Prompt
Reproduce every record below exactly, with the pictures left out.

Material to process

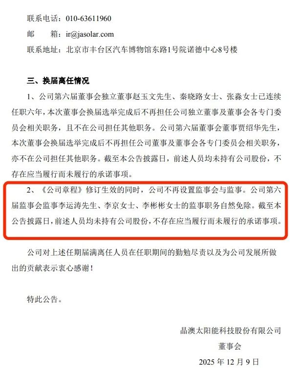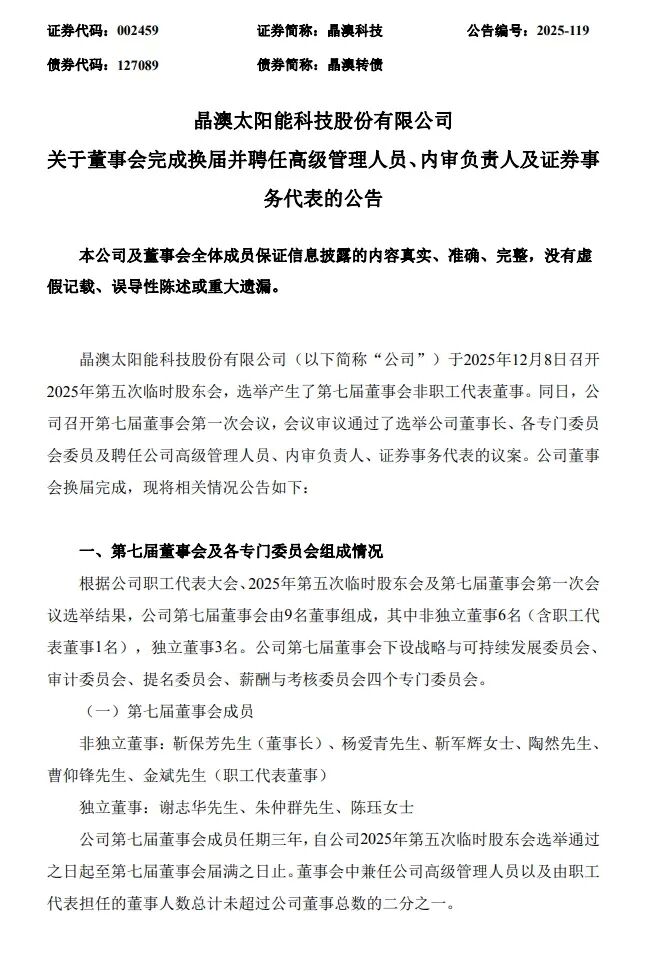 晶澳科技于2025年12月8日召开2025年第五次临时股东会,选举产生了第七届董事会非职工代表董事。
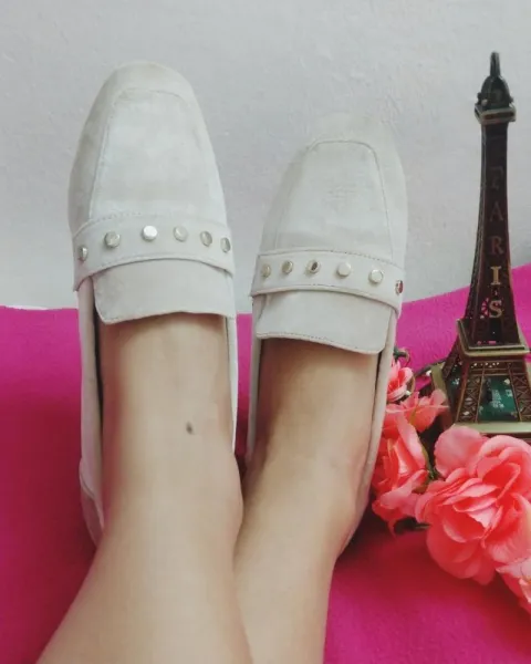 Mocasines rosa palo con estoperoles. Mocasines cómodos de piel originales, por fuera la tela es tipo terciopelo. Súper combinables y hermosos ¡ Te van a encantar! Detalles en color de estoperoles poco perceptible en fotos.Te regalo $100 en tu primer compra en shoppiland.com con el siguiente código: Lafemmelegant2BlwE9
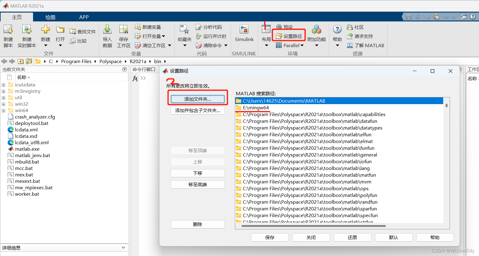 4.打开MATLAB R2021a,点击最上面一块的设置路径-把步骤2的目录添加进去
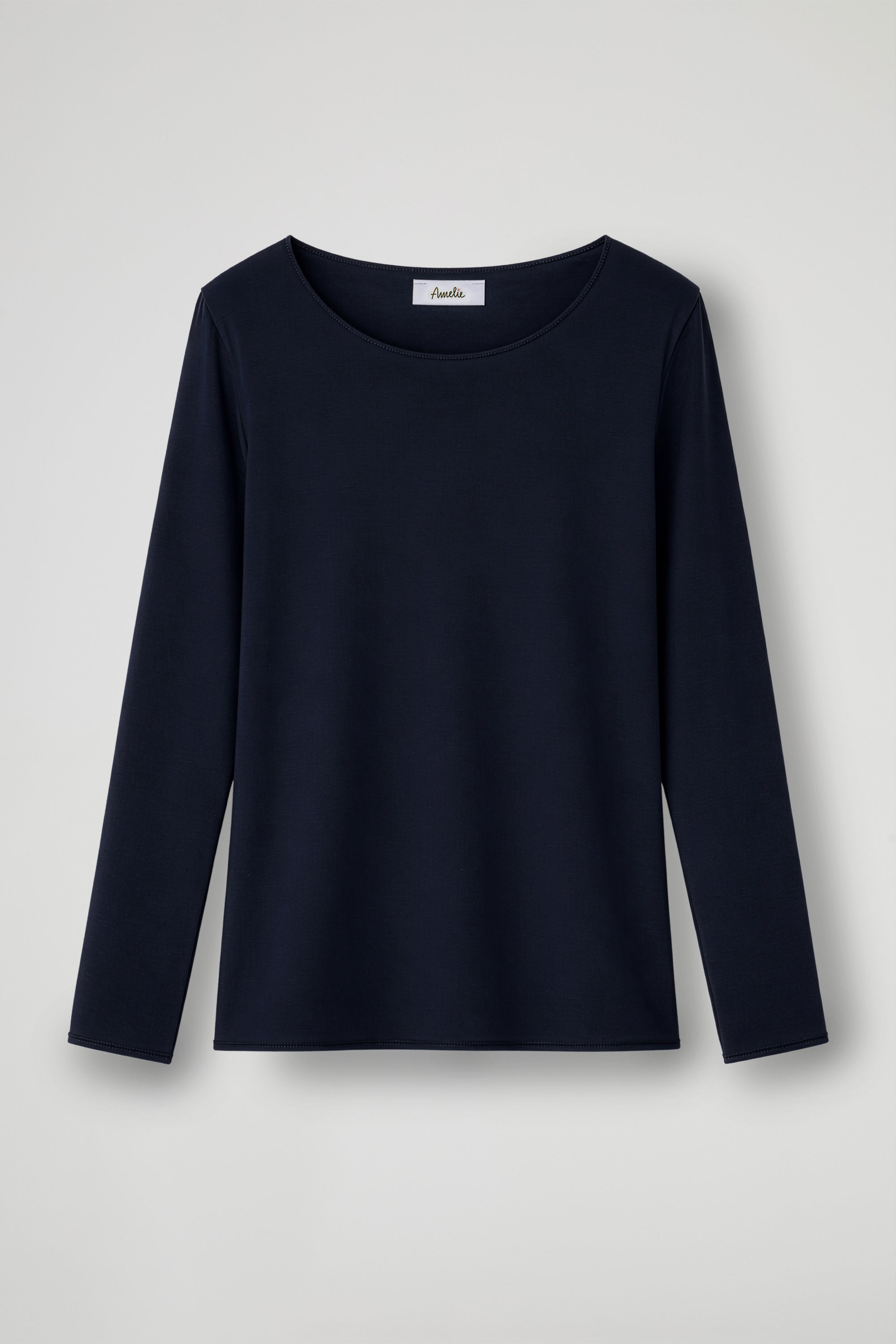 Maglia a maniche lunghe dal design essenziale ed elegante, realizzata in tessuto morbido e confortevole. Il modello presenta uno scollo ampio e arrotondato che valorizza il décolleté, con una vestibilità fluida che cade delicatamente sul corpo; Ideale da indossare da sola o come base sotto giacche e cardigan.
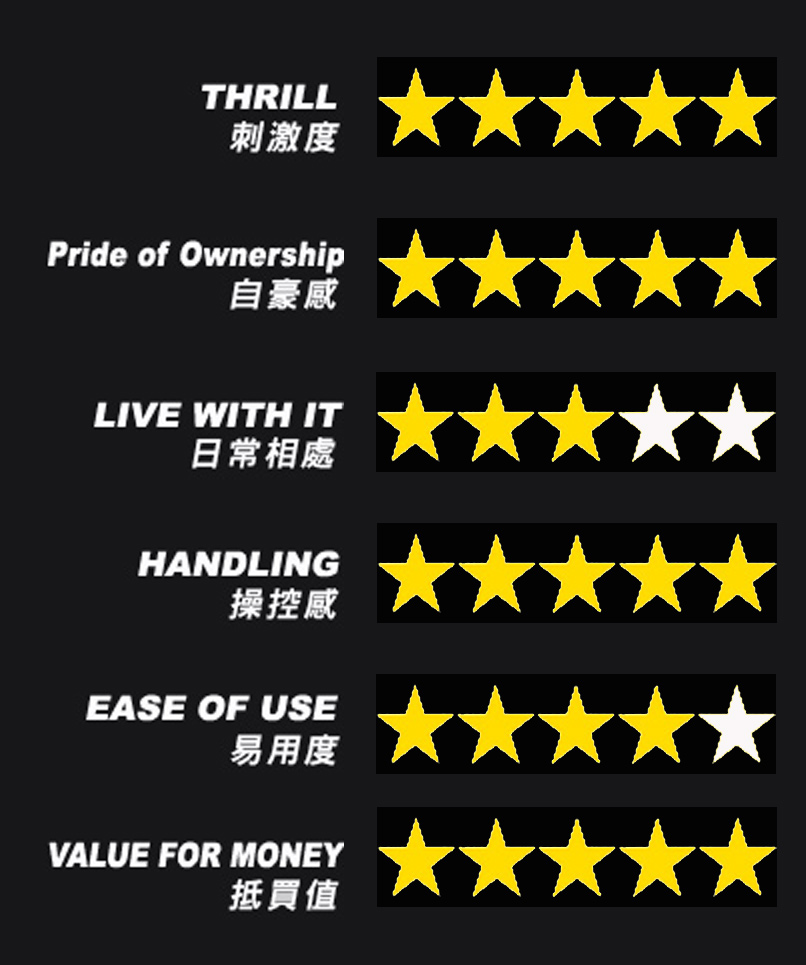 | V4S的馬力和加速感,可以用狂野來形容。以我擁有過和嘗試過的跑車,除了H2R之外,V4S的加速表現應該是最快。即使是H2,個人感覺也未必可以壓倒V4S。原因應該是V4S車身好輕,馬力又有214hp。在所有現時公升級跑車之中,論加速表現,我相信V4S最強,再讚! |

Solution to this task
 晶澳科技于2025年12月8日召开2025年第五次临时股东会,选举产生了第七届董事会非职工代表董事。
 Mocasines rosa palo con estoperoles. Mocasines cómodos de piel originales, por fuera la tela es tipo terciopelo. Súper combinables y hermosos ¡ Te van a encantar! Detalles en color de estoperoles poco perceptible en fotos.Te regalo $100 en tu primer compra en shoppiland.com con el siguiente código: Lafemmelegant2BlwE9
 4.打开MATLAB R2021a,点击最上面一块的设置路径-把步骤2的目录添加进去
 Maglia a maniche lunghe dal design essenziale ed elegante, realizzata in tessuto morbido e confortevole. Il modello presenta uno scollo ampio e arrotondato che valorizza il décolleté, con una vestibilità fluida che cade delicatamente sul corpo; Ideale da indossare da sola o come base sotto giacche e cardigan.
 | V4S的馬力和加速感,可以用狂野來形容。以我擁有過和嘗試過的跑車,除了H2R之外,V4S的加速表現應該是最快。即使是H2,個人感覺也未必可以壓倒V4S。原因應該是V4S車身好輕,馬力又有214hp。在所有現時公升級跑車之中,論加速表現,我相信V4S最強,再讚! |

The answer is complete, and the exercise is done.